Written by Julie Ellis and Megan McDowell

If you have chosen to use an online community for a qualitative research project, congratulations! Your choice will bring convenience, streamlined communication, easy data coding and a project turnaround time that exceeds your expectations. But, having an online community to run your qualitative research projects is not the only component necessary for project success. There are a number of best-practices and must-dos to also consider.

To start off, you must consider the objective of your online discussion and determine whether you would like your participants to interact with each other. For sensitive discussions, utilize a one-on-one discussion mode, like the diary-mode discussions offered on the Insightrix Communities platform.
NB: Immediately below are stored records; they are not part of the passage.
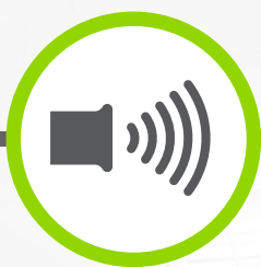
INTELLIGENT DOOR SENSOR
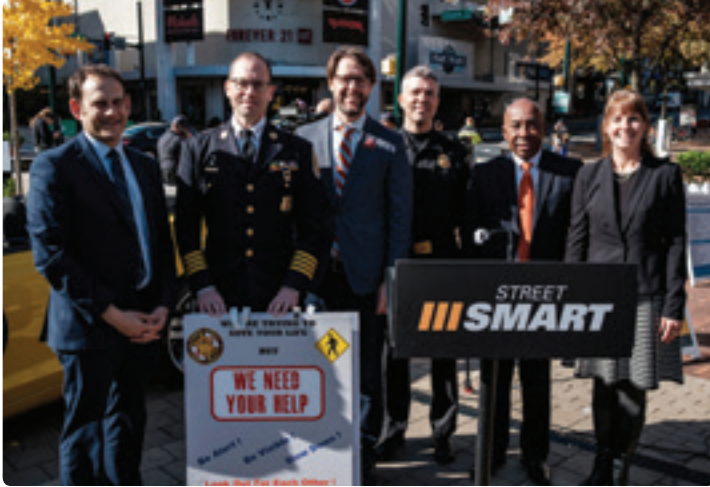
Fall Kickoff Speakers
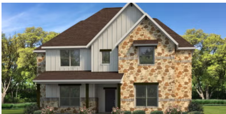
Elevation D | The Granbury
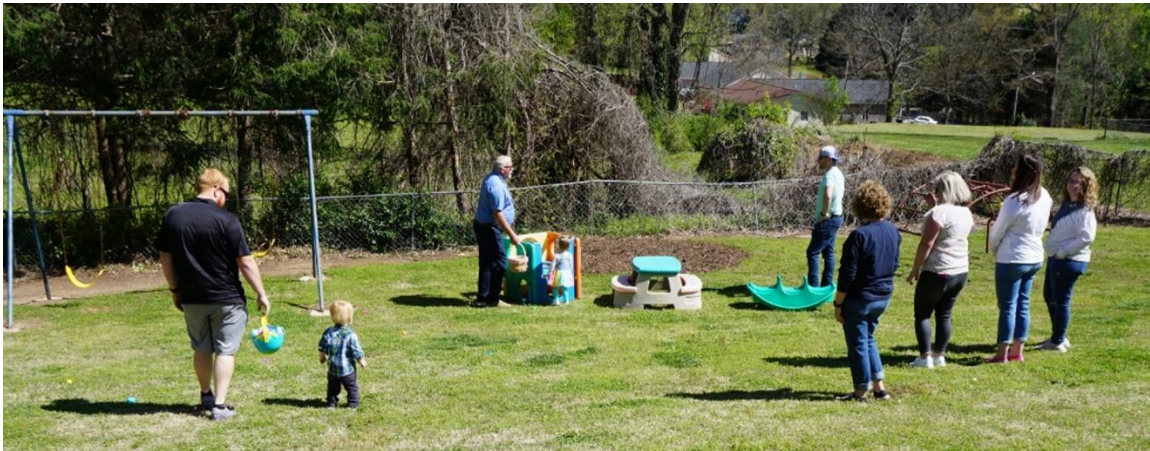
Toddlers looking for Easter eggs and playing on the playground!
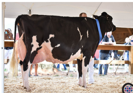
OAKFIELD REALITY HARMONY
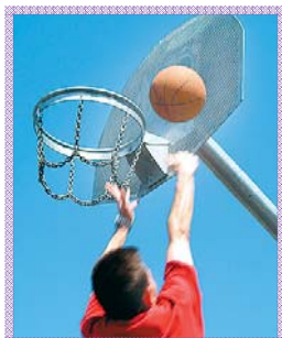
3 play basketball
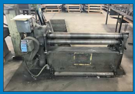
48" X 12 Ga. Reed Model 450 Plate Bending Machine
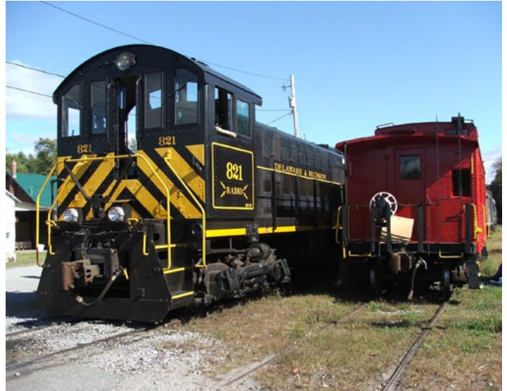
A variety of historic equipment will be on display at the North Creek Depot's 2014 Rail Fair.
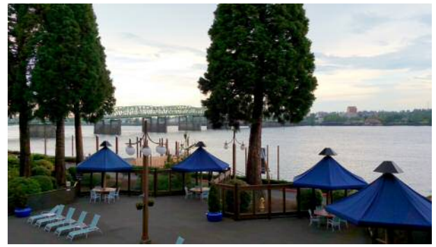
Columbia River bridge, viewed from hotel room
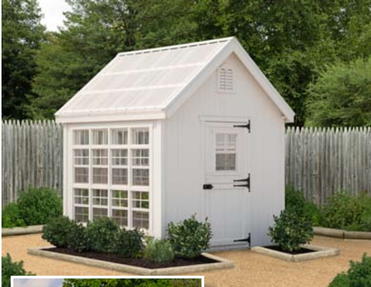
8x8 Colonial Greenhouse
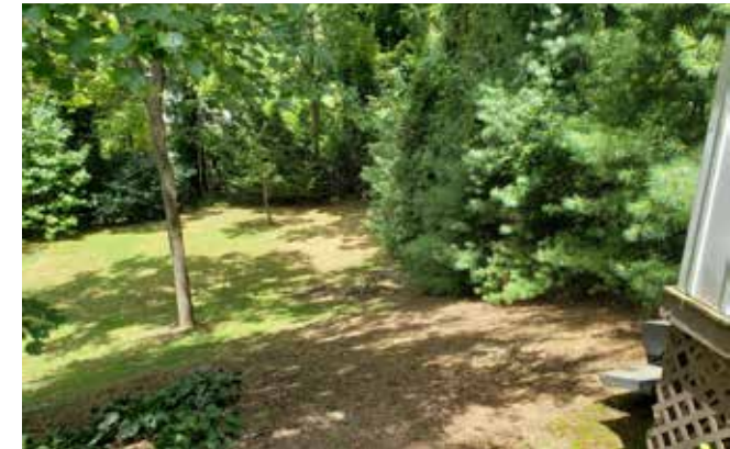
Back Yard is Huge and Level
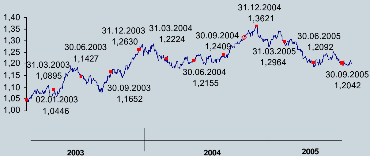
USD daily average exchange rate from 01/02/2003 to 10/31/2005
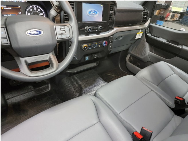
View of F-150 interior prior to install
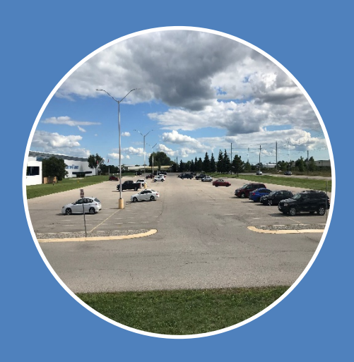
Arrival and Parking

Participants will be given an arrival time and an assigned parking lot. There are three parking lots which we will restict to 30 parking at a time to conform to physical distancing. Please do not arrive more than 5 minutes before you scheduled time. If you need to warm up or streatch there is space by the parking area to do this prior to entering the race area and another large field inside.
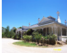
H0361 Kongbool Balmoral facade 2344
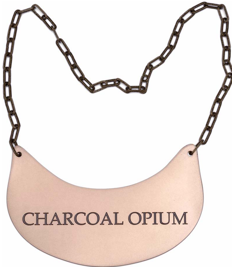
CHARCOAL OPIUM 2017 Brass and enamel paint, edition 3 13 × 22 cm $2,200
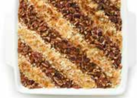
Sweet Potato Casserole
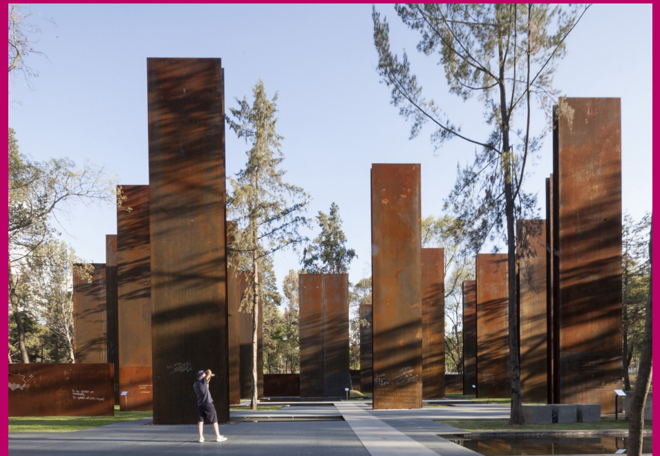
Memorial to Victims of Violence in Mexico
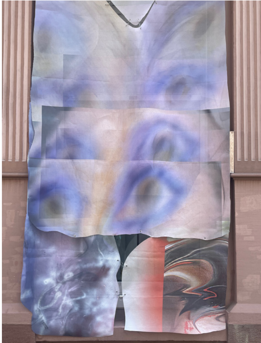
S-e-e-d-s , 300 x 120 cm, Acrylic and oil paint, acrylic spray, digital print on mesh fabric, steel chains, aluminium, 2023 (exhibition venues in public space in Freiburg) Exhibition view, Das Lied der Straße , Biennale für Freiburg 2
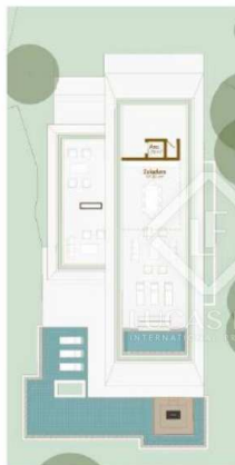
VIVIENDA 5 - Solarium
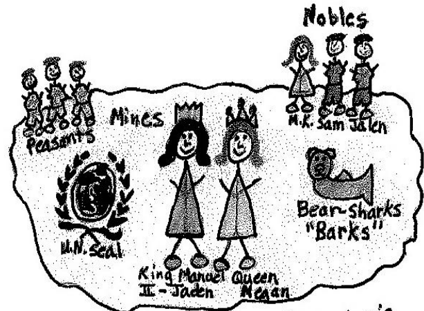
The Kingdom of Mannotopia
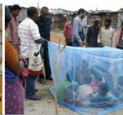
MSc Global Health students teaching community members how to use mosquito nets for malaria prevention
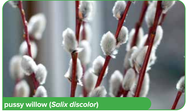
pussy willow ( Salix discolor )
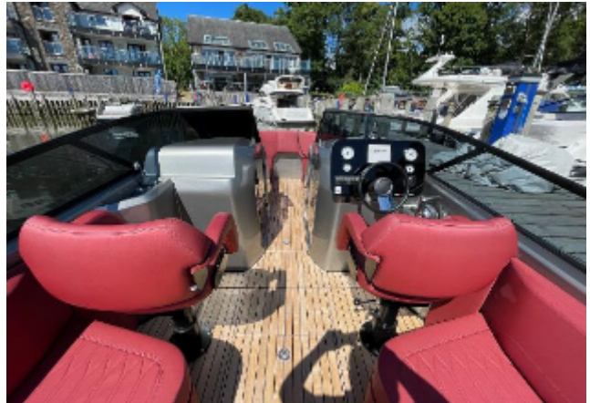
Cranchi E26 Rider For Sale
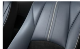
Leather, Blue-Grey with Grand Luxe Suede, Black Limited
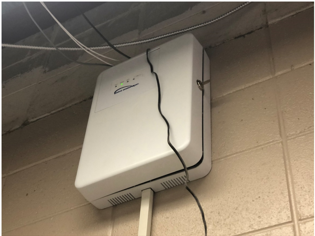
Figure 8 – Audio Equipment in Room (with demo) nearest Intercom (within 50ft)
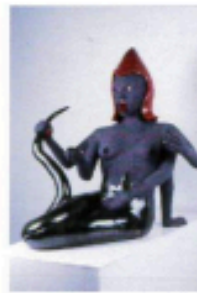
SCOTT ATIYEH Siren (shown) Clay and Glaze, 1999
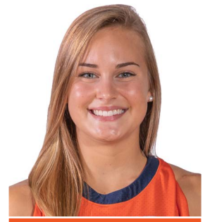
12 MARLY WALLS FR. - G - 5-8
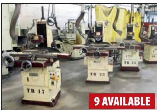
VIEW OF CHEVALIER FSG-618M GRINDERS

CHEVALIER FSG-3A1224 HYDRAULIC SURFACE GRINDER, s/n FP3174802, w/ 24" x 12" Electro-Mag. Chuck, Coolant Filter
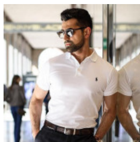
Men's Summer Style Look: White Polo-Shirt, Dark Check Trousers And Brown Loafers
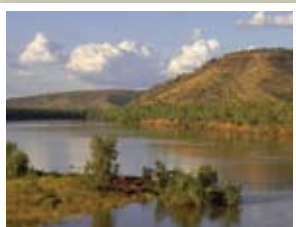
Take in the beautiful landscape of Victoria River

For discussions where interaction between participants is desired, use a bulletin board or nested discussion where participants can view each other’s comments and reply to them if they like. For this option, be sure to encourage participants to interact with one another by responding to posts and asking questions, especially in a conversation string where more than one person is involved.

Insightrix Communities online community software allows users to choose an image as a display for each discussion thread with the newly implemented tiled user interface on the home page. When choosing an image to represent your discussion, be careful that it is not suggestive or leading in any way.

Once the discussion is all set up there are several things to consider when informing your participants of activities in the online community. When first reaching out, begin with a brief introduction to the purpose of the community discussion. Communicating your overall purpose to participants will help them contribute the valuable information you are looking for. Additionally, provide participants with an overview of how the discussion will work and any guidelines or ground rules, such as timelines for responding. Let them know the level of engagement you are looking for and how often they are expected to login and participate. Provide participants with login instructions and an outline of how they will be informed of new discussion topics or threads.

When creating conversation threads, be clear about the purpose of each. Keep topic discussion questions succinct and focused. Avoid asking too many questions at once since participants may provide an incomplete answer, or not provide the level of detail you are looking for because they are trying to fit too much information into one response. Avoid long paragraphs of information or questioning when posting the discussion topic or replying to participant posts. Feel free to use bullet points and separate paragraphs to keep things readable.

Accessing an online community by mobile device is incredibly popular (convenience is the point!). Be conscious of this fact and ensure that the discussion is mobile optimized. Formatting such as bold or coloured font can draw attention to your key questions.

Also, relate on the human-level. Engagement and communication with a human, not a robot, is another key selling point of an online community. Depending on the audience, moderators should use relatively casual language to keep discussions easy and natural for participants.